The tour was the first officially sponsored exchange between German and Australian philosophers. It was not just a non-committal getting-to-know-you event; for Goethe director Sonja Griegoschweski, from the outset the objective was to identify common energy fields that articulate the focal points of the present both in Germany and in Australia. “The aim of this first journey is to make contacts that will lead to lasting connections,” explains Griegoschweski. She is hoping to start a system of regular guest researcher stays in Australia.

Discussion about responsibility and humanity

The title Responsibility & Humanity – Culture, Nature and Terror outlines the basic questions that were discussed at each of the three panels in Alice Springs, Sydney and Melbourne: What is human identity in a world of increasing fragmentation and alienation, even from nature? These are questions that were first asked in this breadth by the German philosophical tradition during the Romantic Era, but then often lagged behind the study of language and discourse in the history of philosophy, although they are centrally relevant to human life on earth.
 
In the audience talks with Australian intellectuals such as the ethicist Simon Longstaff, the legal historian Desmond Manderson, the musician and director of Alice Springs Desert Park Paul Ah Chee Ngala, who comes from the Arrernte aboriginal people, it became clear time and again that Germans can be inspired by the Australian continent. On the journey, it sometimes seemed to the Germans that they had to fly 14,000 kilometres around the world to see their own questions clearly.
 
This was not just because of the flourishing philosophical debate and participation in a vibrant metropolitan culture in Sydney and Melbourne, but actually because of problems that are also unresolved on the gigantic continent in the southern hemisphere. Among these, the situation of the “traditional guardians of the land,” as the aboriginal people are called here, was evident to all.
 
This became clear because the philosophers’ journey began in the desert – and thus approached the phenomenon of Australia from perhaps the most fruitful aspect. Many aboriginal descendants live precarious, marginalized lives in remote communities in the outback. But their culture in particular could help to answer the question of human identity not only in the coexistence of the differences among human beings but in relation to all that lives.

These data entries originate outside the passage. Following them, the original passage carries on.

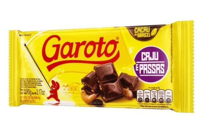 Os lotes em questão são o 225212941G: chocolate ao leite com Castanhas de Caju, marca Garoto, tablete 80g, validade 09/09/2023 e o 225312941G: chocolate ao leite com Castanhas de Caju e Uvas Passas, marca Garoto, tablete 80g, validade 09/09/2023.
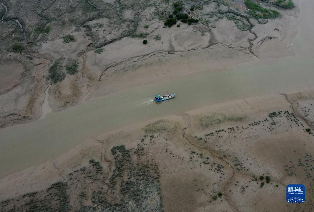 一艘渔船在闽江河口湿地浅滩里穿行 4月22日是世界地球日。记者来到地处福州市长乐区东北部闽江入海口南侧的闽江河口湿地,探访总面积2381.85公顷、福建省最大的原生态河口湿地。
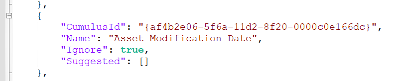 Change the parameter “Ignore”: true, to “Ignore”: false, to make a metadata field available for mapping.
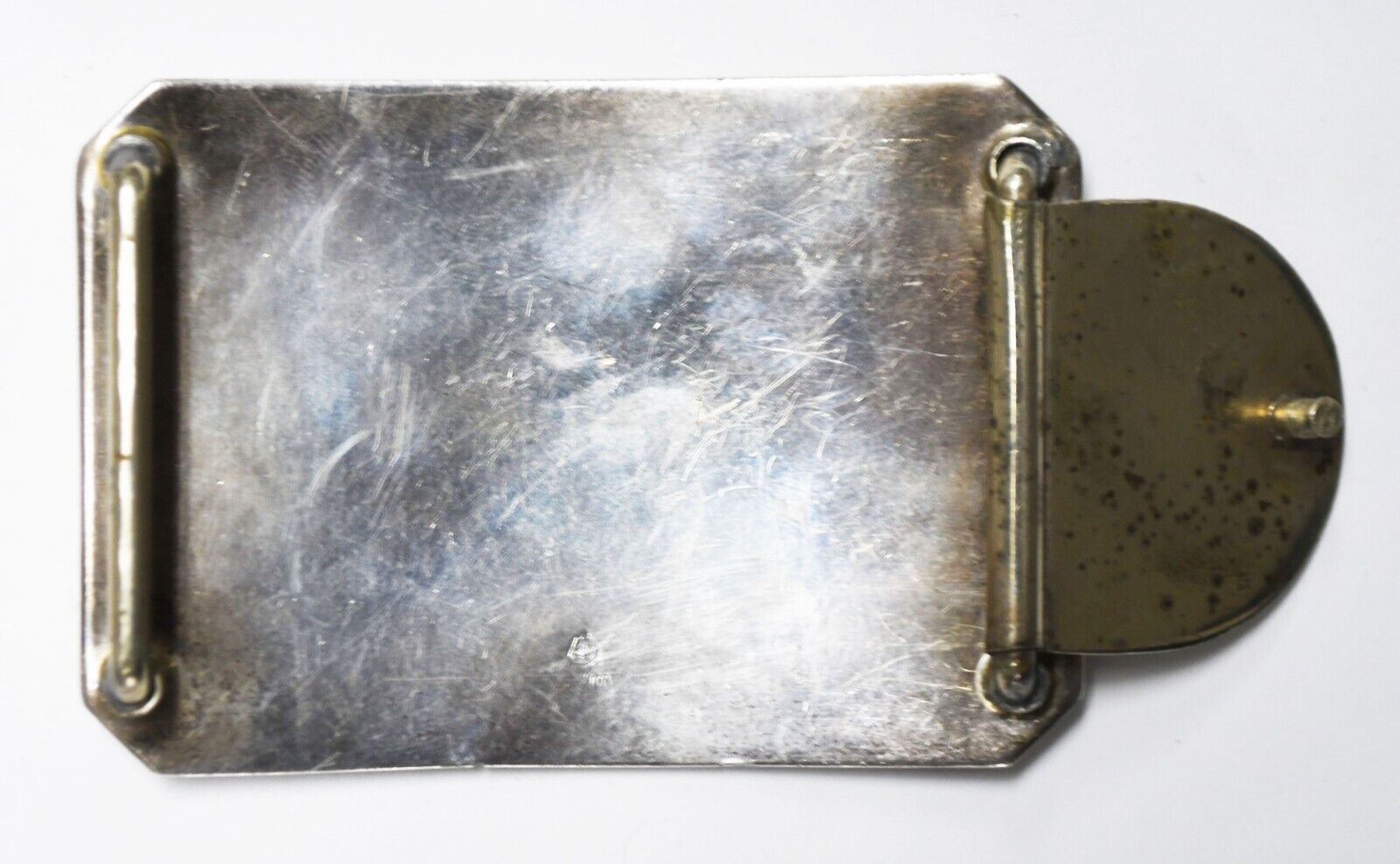 Mexico 900 Silver Bronze Horse Chip Turquoise Inlay Belt Buckle 2.25" x 3.25"

Nature and humankind could be one

For this 80,000-year-old civilisation never separated itself from nature as the West still does today; in Australia, humans and nature were always connected and related. Even today, rocks still have souls and embody human identity. “In many places, the land is still ritually brought to life in song by the aboriginal inhabitants,” says environmental philosopher Freya Mathews from Melbourne.
 
Hence, whoever wants to re-illuminate the relationship of humankind to the world, and above all to nature, and thus attempt to tie into the most fruitful driving force of German thought, could profit from a journey to the desert at the other end of the world. Under the river of sand that winds through Alice Springs this soul has not yet been lost.